Temperature: 190 to 210 degrees. This really is a case of personal preference. What kind of brewer you are using also plays into this as well. A large ceramic brewer will remove significantly more energy than a small origami or Clever. We always prefer to preheat our brewers before starting to mitigate this heat loss.
Coffee to water ratio
The standard ratio is about 16:1. The best way to measure what ratio you are using is to measure by weight. Most off the shelf coffee scoops can vary widely how much coffee they can hold. The best way is to find one you like, and measure how much coffee (by weight) it holds. Keep in mind that darker roasted coffee also takes up more room so a scoop will weigh less than a medium roast. Approved SCAA coffee scoops hold 10 grams. Trust but verify, take a few measurements to ensure your best cup.
Each brewing method will use differing ratios and brewing time, we have included a handy chart at the bottom to give you a good starting point.
Coffee grinders come in all shapes and sizes (and prices!). No matter which one you start with we recommend getting a burr grinder. Blade grinders produce inconsistent results and uneven grind sizes. Ground consistency is important and has a significant impact on your brew. An inconsistent grind will have a mix of large grounds and powdery grounds. The larger grounds will allow water to channel rapidly through the coffee bed leading to under extraction while the powdery grounds will make it to your cup. This leaves you with a weak, sour cup of coffee that is like mud at the end. It is also best practice to grind your beans immediately before brewing.

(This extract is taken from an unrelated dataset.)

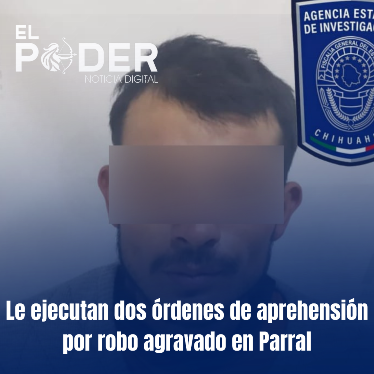 Personal de la Agencia Estatal de Investigación, ejecutó dos órdenes de aprehensión, ambas por el delito de robo agravado, en contra de un masculino que aparece como presunto responsable de los delitos cometidos en locales comerciales de la ciudad de Parral.

There are all different kinds, shapes, sizes, and materials of coffee filters. There are a few things to keep in mind. Paper filters need to be rinsed before use to eliminate any paper fibers from making their way into the cup. Paper also does a better job of filtering out fine particles leading to a brighter cup. Metal filters on the other hand allow these particles through to allow for more body. The upside is that they are reusable and eliminates paper waste. You also wont run out of them on a monday morning (personal experience here).